■ WHAT YOU SHOULD DO ■
Omit the images and return the remaining entries unchanged.

■ STUDY MATERIAL ■
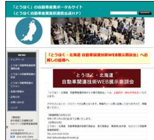
とうほく自動車産業集積連携会議HP
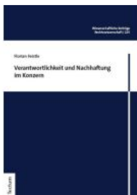
Verantwortlichkeit und Nachhaftung im Konzern Ladenpreis: 76,10EUR
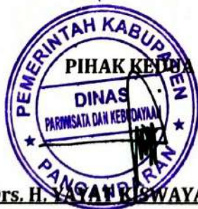
Drs. H. YAYAT KISWAYAT, M. Si

PIHAK KEDUA akan melakukan supervisi yang diperlukan serta akan melakukan evaluasi terhadap capaian kinerja dari perjanjian ini dan mengambil tindakan yang diperlukan dalam rangka pemberian penghargaan dan sanksi.
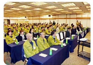
経営方針発表風景

■ ANSWER BOX ■
とうほく自動車産業集積連携会議HP
Verantwortlichkeit und Nachhaftung im Konzern Ladenpreis: 76,10EUR
Drs. H. YAYAT KISWAYAT, M. Si

PIHAK KEDUA akan melakukan supervisi yang diperlukan serta akan melakukan evaluasi terhadap capaian kinerja dari perjanjian ini dan mengambil tindakan yang diperlukan dalam rangka pemberian penghargaan dan sanksi.
経営方針発表風景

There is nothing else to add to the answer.